**To do**
Print the records below exactly, starting at the first line and stopping after the line that contains "中国邮政定于2025年1月5". Leave out any pictures.

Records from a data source
= = = =

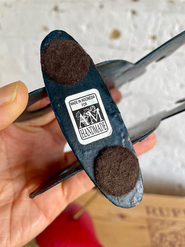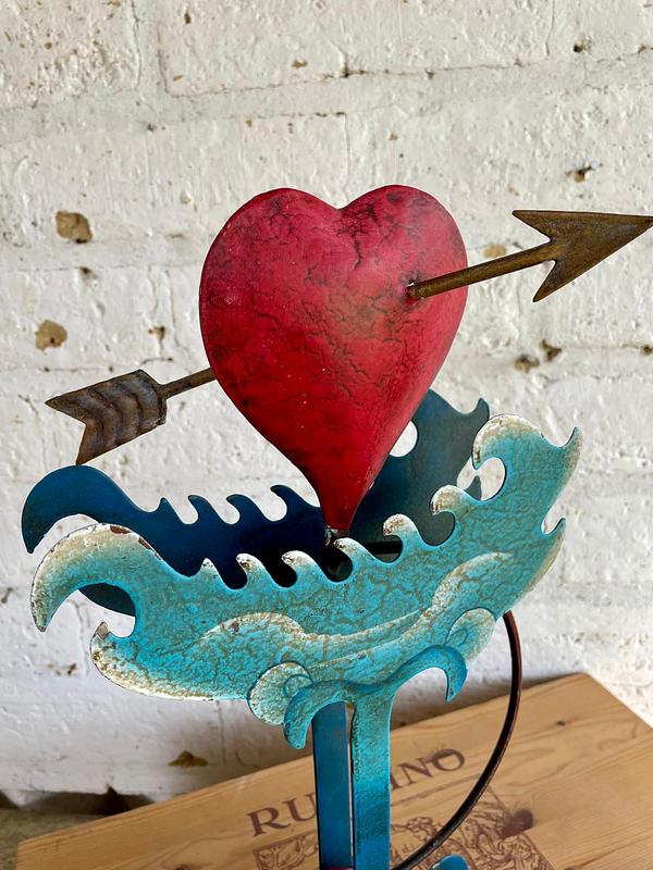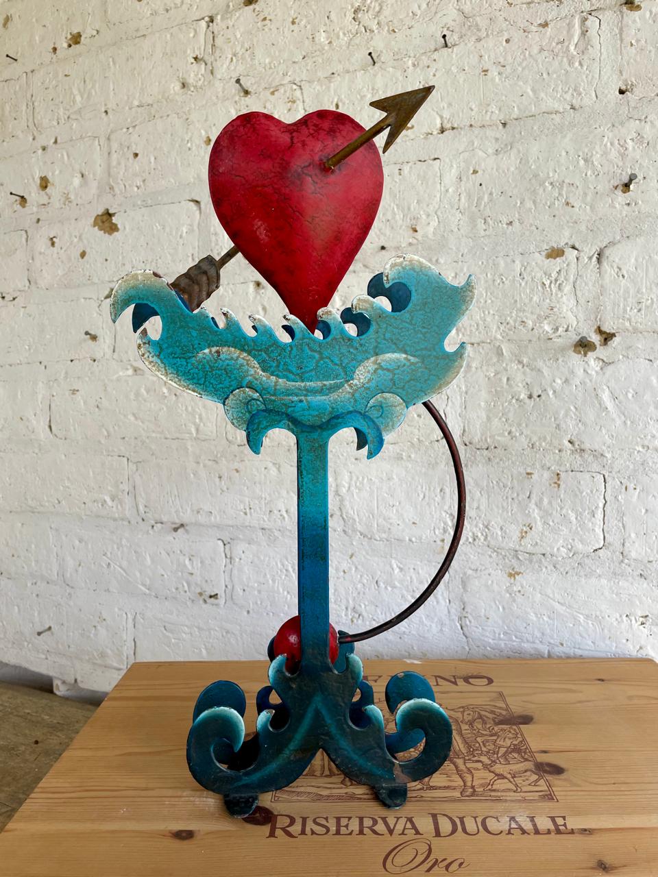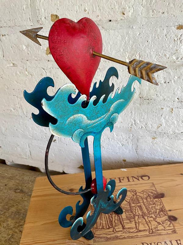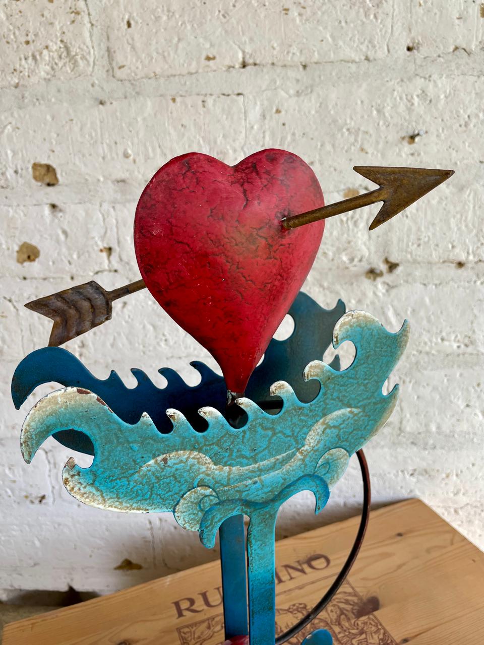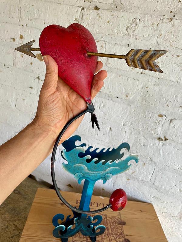 Figura balancín metálica de corazón, mantiene el equilibrio apoyado sobre una base y regulado por el péndulo. Elaborado artesanalmente en Indonesia en los años noventa y decorado con pintura desgastada. Reproduce un antiguo juguete. Se encuentra en buen estado con desgastes en la pintura producido por el uso y el paso del tiempo.
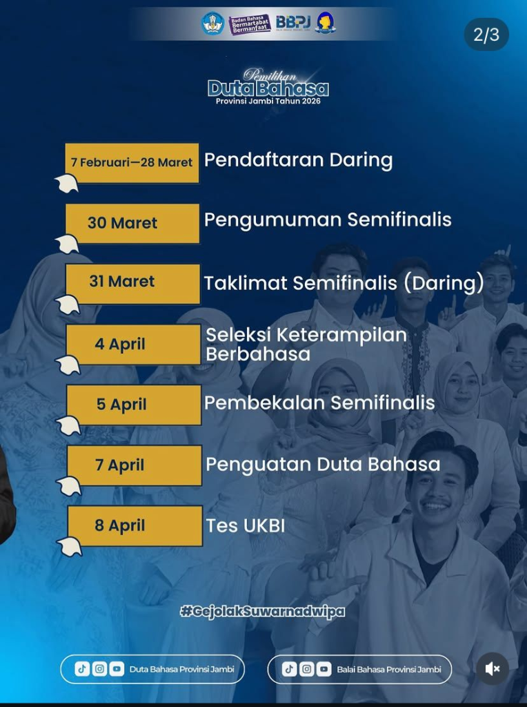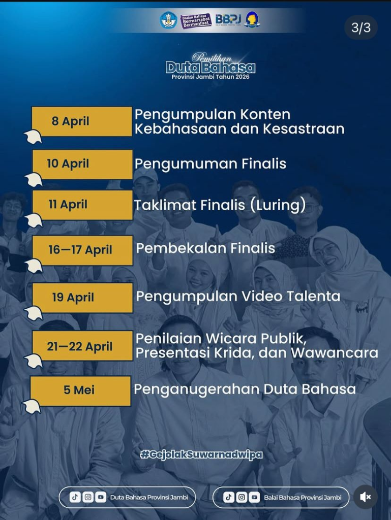 Puncak penganugerahan dari kegiatan pemilihan duta bahasa Provinsi Jambi tahun 2026 akan diselenggarakan pada tanggal 05 Mei 2026 yang bertempat di Kantor Bahasa Provinsi Jambi
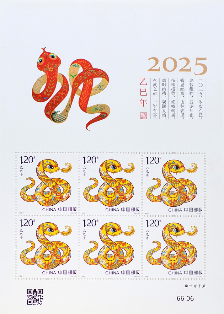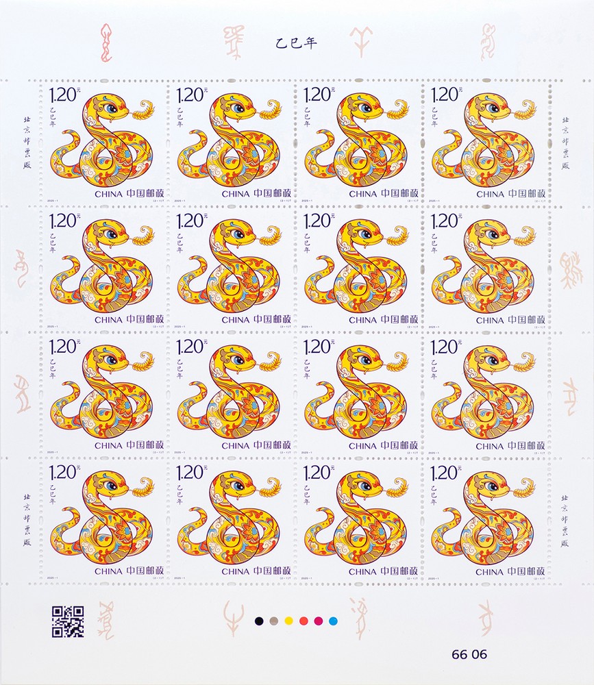 中国邮政定于2025年1月5日发行《乙巳年》特种邮票1套2枚,小本票1本。详情如下:
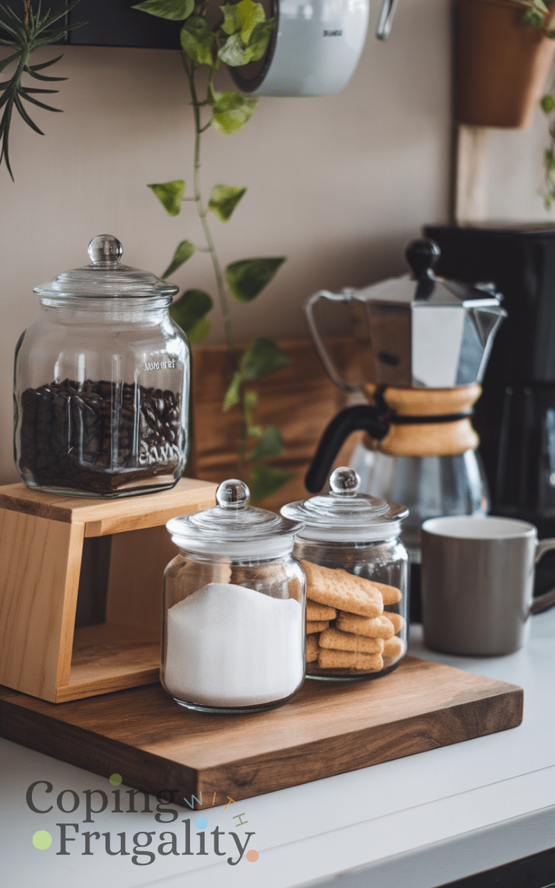 Glass jars are both practical and stylish for a Kitchen Coffee Station Setup on a Budget. Reuse old jars or buy affordable ones to store coffee, sugar, and biscuits. Clear jars make it easy to see what you have while giving your station a clean, organized look. Label them for a charming touch. This simple storage solution keeps everything fresh and visually appealing without spending much money.
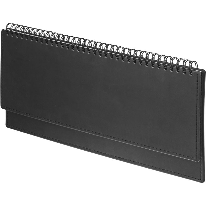 Планинг датированный 2024 год, цвет черный -303х150 мм, 120 стр., блок в 2 краски, календарь на 1 год. Однотонная обложка из высококачественного переплетного материала, гладкий матовый. Возможно нанесение логотипа на обложку, любым способом тиснения. Блок: офсет 70 г/м2 (линейка). Содержит информационно-справочный блок - планы на год; Блок для заметок.
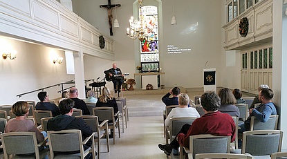 Torsten, Esther und Sandro beim thematischen Impuls und Daniel bei der Liedbegleitung.
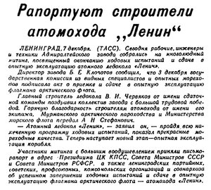 — Сейчас наша главная забота — все подготовить к выходу в море, успешно провести ходовые испытания по намеченной программе и сдать корабль в установленный срок, — говорит старший мастер монтажного цеха инженер А. А. Тарасенко, которого мы встретили в одном из внутренних помещений корабля. Стоящие на вахте у машин заводские мастера, бригадиры и слесари-монтажники тщательно проверяют действие каждого механизма и одновременно знакомят со сложной новой техникой машинистов и других членов экипажа, которые поведут атомоход в арктическое плавание.
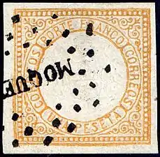 То же, погашенная линейным штемпелем «Moquegua» («Мокегуа»)
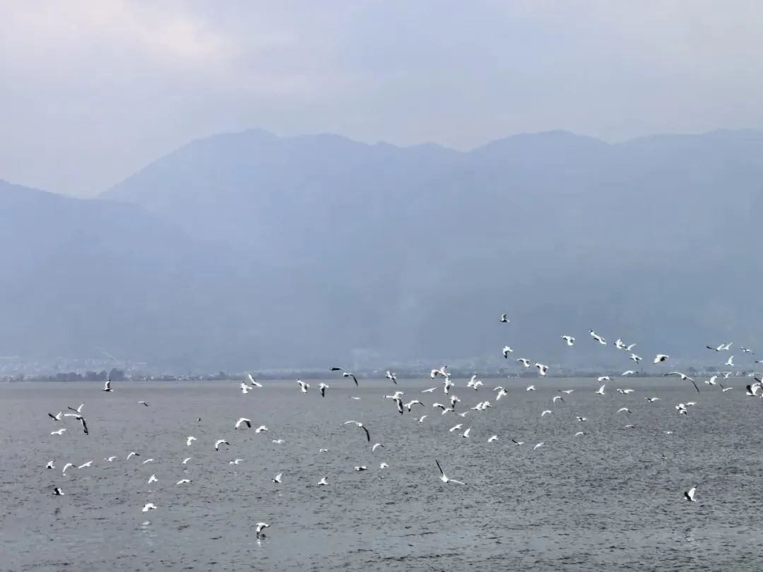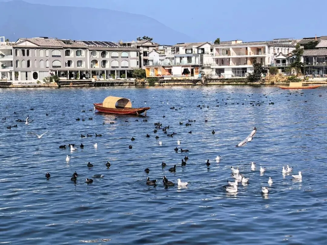 清晨的湖面,被一束束金光劈开,远处的苍山在薄雾里若隐若现。午后,成群的海鸥掠过水面,白色的翅膀在蓝天下划出温柔的弧线。到了双廊,青瓦白墙的民居沿着湖岸铺开,乌篷船在水鸟的簇拥下轻轻摇晃。
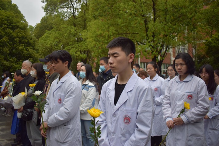 “无语良师”,也称“人体老师”,是医学界对志愿捐献遗体者的最高称谓。活动开始,全体医学生站在无语良师碑前,向心怀大爱的“无语良师”致以最深沉的悼念。大家手捧黄白菊花,怀着感恩之心向“无语良师”行三鞠躬;学生代表为“无语良师”献上花篮,对他们表示深切怀念和感恩。随后,全体人员将手中的菊花放在石碑周围,以敬畏之心瞻仰“无语良师”纪念碑。仪式最后,全体医学生还重温了医学生誓言,以此表达“除人类之病痛,助健康之完美”的初心。
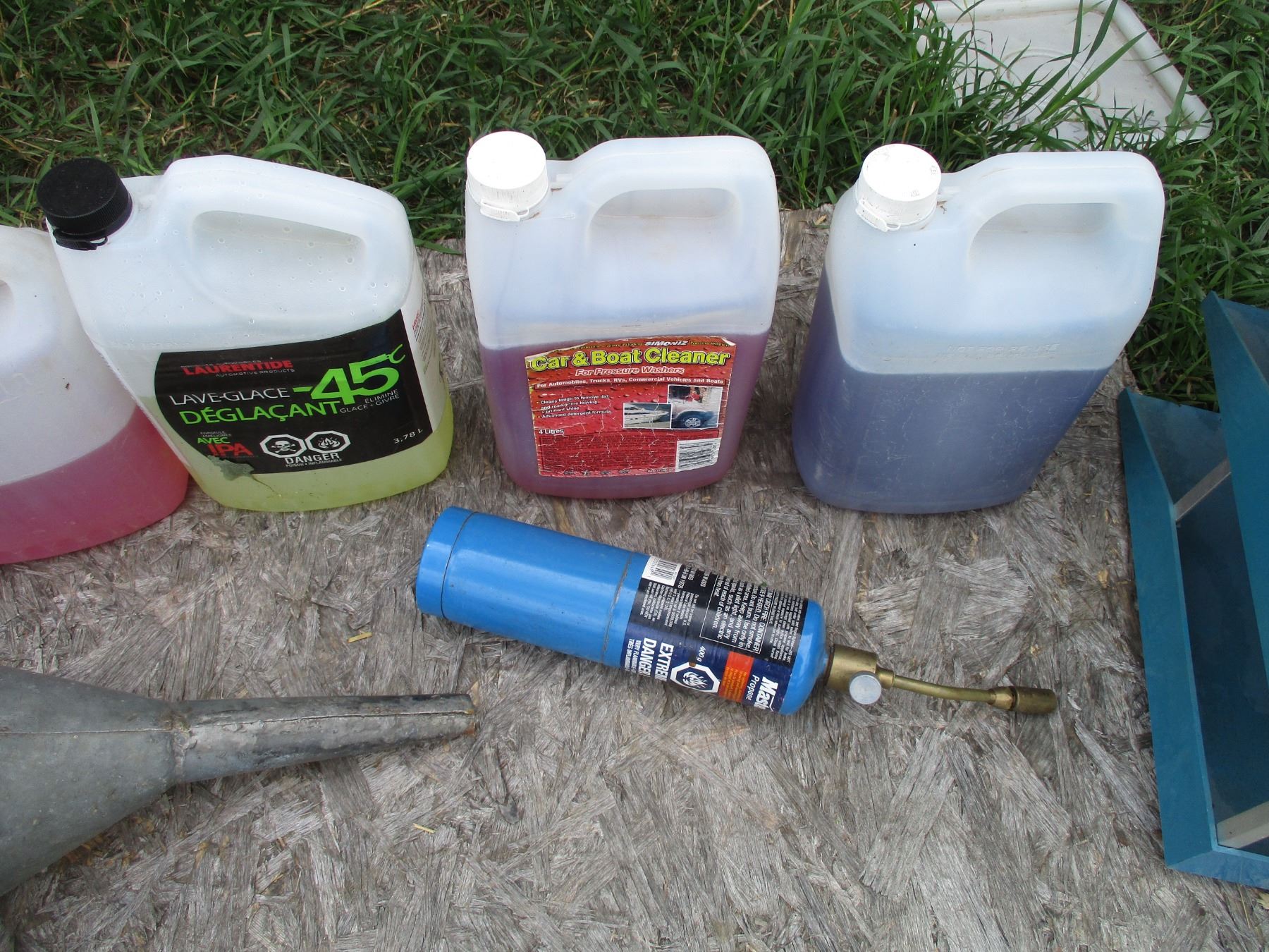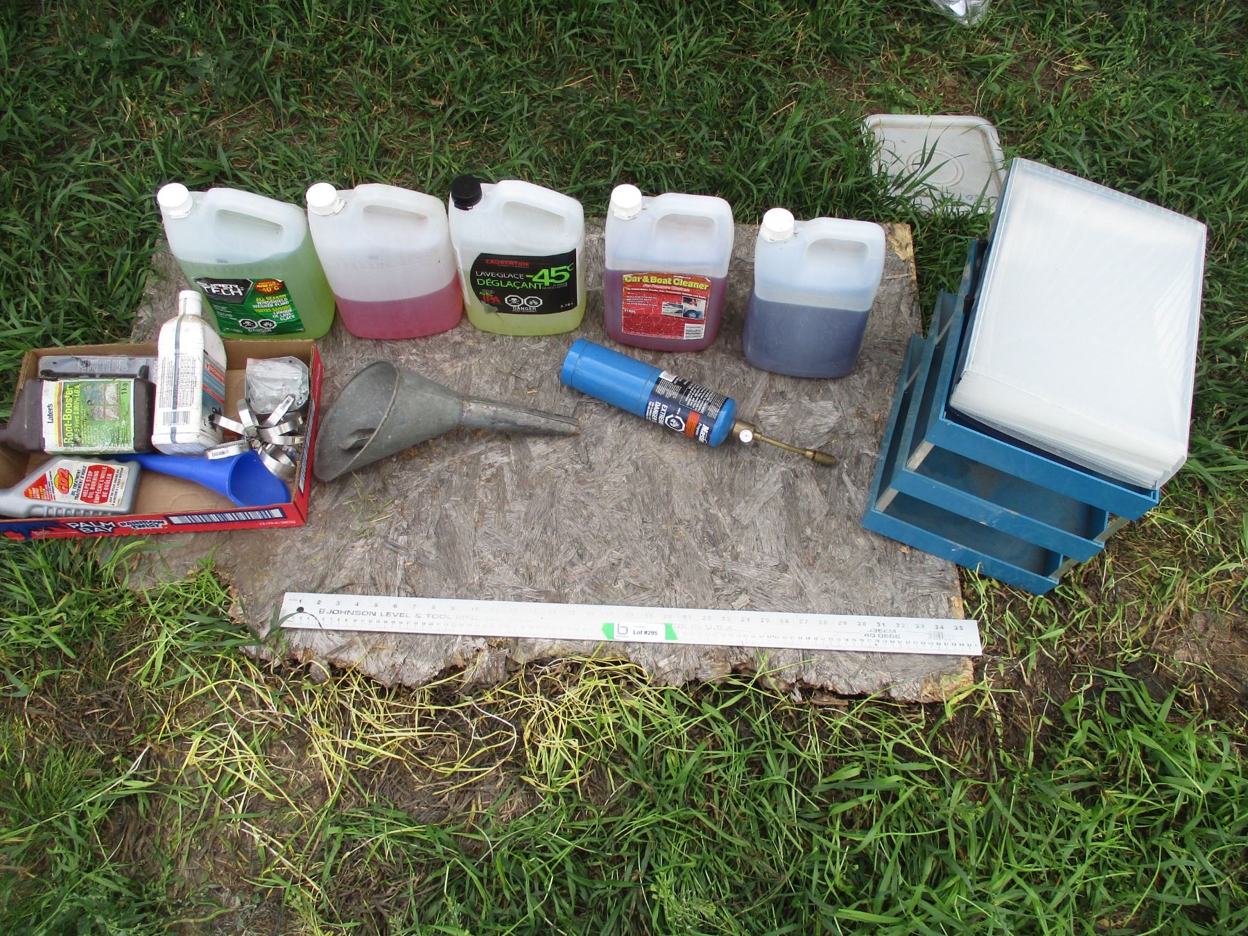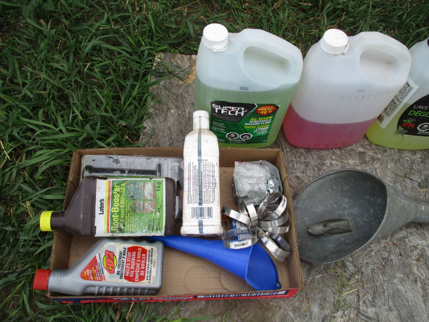 Windshield Washer Fluid, Organizer, Propane Tank, Hose Clamps, Funnel, Misc.
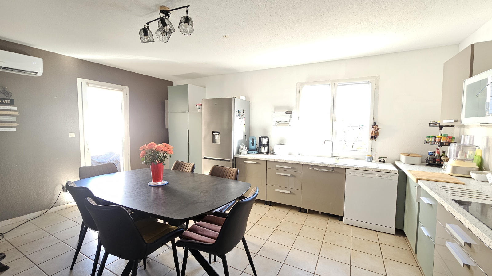 Pour votre confort, la maison dispose d’une climatisation réversible dans le séjour, vous garantissant une température agréable en toute saison. Un garage attenant permet de stationner votre véhicule en toute sécurité et d’offrir un espace de rangement supplémentaire.
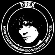 "Dandy in the Underworld" was released by EMI Records as a single from Dandy in the Underworld on 30 May 1977, over two months after the release of the album. The two B-sides, "Groove a Little" and "Tame My Tiger", were also written and produced by Bolan. Bolan described the latter track as a "New wave song".[8] The first 25,000 copies of the single were to be issued with a picture sleeve.[9]
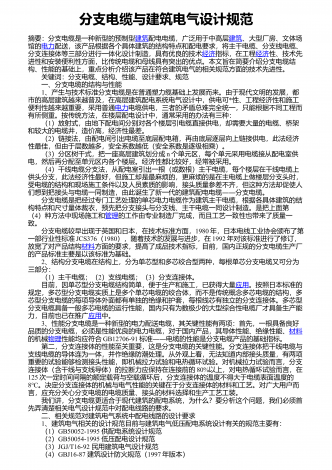 分支电缆与建筑电气设计规范摘要:分支电缆是一种新型的预制型建筑配电电缆,广泛用于中高层建筑、大型厂房、文体场馆的电力配送,该产品根据各个具体建筑的结构特点和配电要求,将主干电缆、分支线电缆、分支连接体等三部分进行一体化设计制造,具有优良的技术经济指标,在工程经济性、技术先进性和安装便利性方面,比传统电缆和母线具有突出的优点。本文旨在简要介绍分支电缆结构、性能的基础上,重点分析介绍该产品在符合建筑电气的相关规范方面的技术先进性。关键词:分支电缆、结构、性能、设计要求、规范一、分支电缆的结构与性能1...
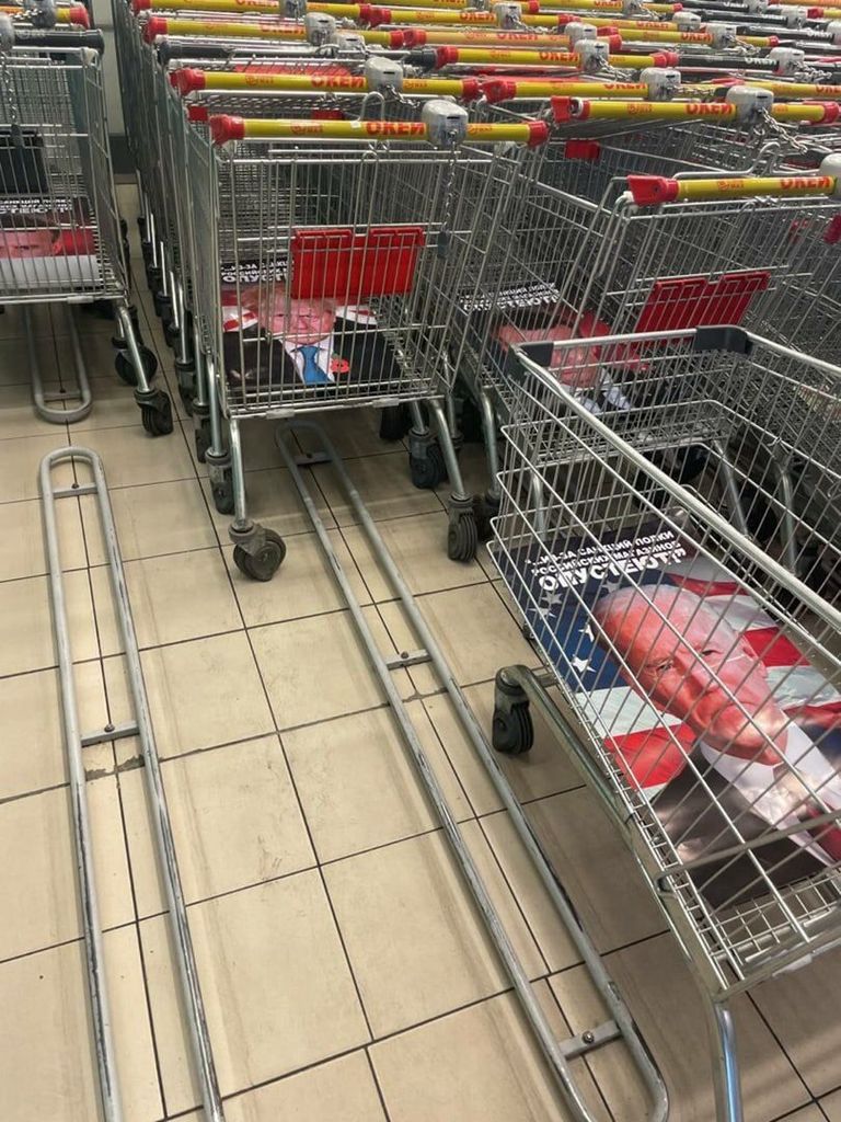 وبطريقة ساخرة تم وضع صور الزعماء الثلاثة في عربات التسوق داخل أحد المتاجر في روسيا، وذلك للسخرية من تأثير العقوبات التي فرضها الغرب ضد موسكو.
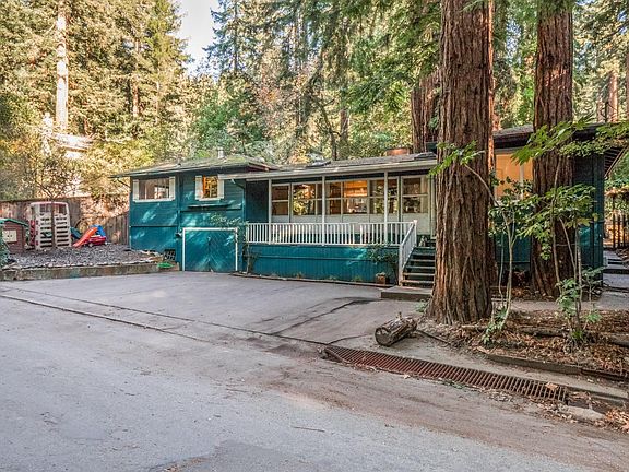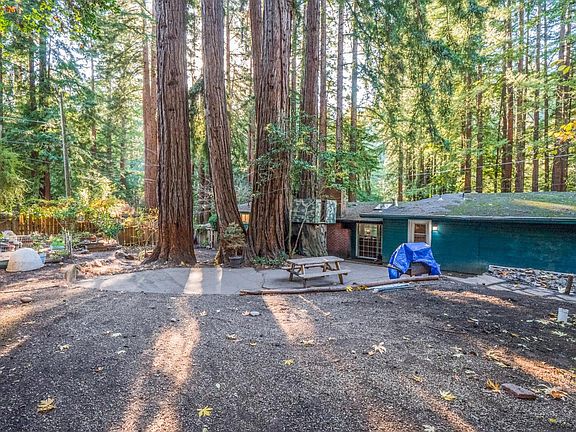 Potential in this quaint, ranch-style home located minutes away from Brookdale Lodge and Downtown Boulder Creek. Features a covered front porch with wooded views. Single level home with two separate bedroom suites, living/dining room combo and a separate breakfast nook/home office located off the kitchen. The level 6800+ sq ft lot is a blank canvas. There is a concrete patio around a redwood grove, large side yard, front yard space, and raised gardening beds. Multiple parking spots 4+ in front of the home plus some off street parking. Lots of storage and workshop space under the home plus a detached shed.

= = = =

**Answer space**
 Figura balancín metálica de corazón, mantiene el equilibrio apoyado sobre una base y regulado por el péndulo. Elaborado artesanalmente en Indonesia en los años noventa y decorado con pintura desgastada. Reproduce un antiguo juguete. Se encuentra en buen estado con desgastes en la pintura producido por el uso y el paso del tiempo.
 Puncak penganugerahan dari kegiatan pemilihan duta bahasa Provinsi Jambi tahun 2026 akan diselenggarakan pada tanggal 05 Mei 2026 yang bertempat di Kantor Bahasa Provinsi Jambi
 中国邮政定于2025年1月5日发行《乙巳年》特种邮票1套2枚,小本票1本。详情如下:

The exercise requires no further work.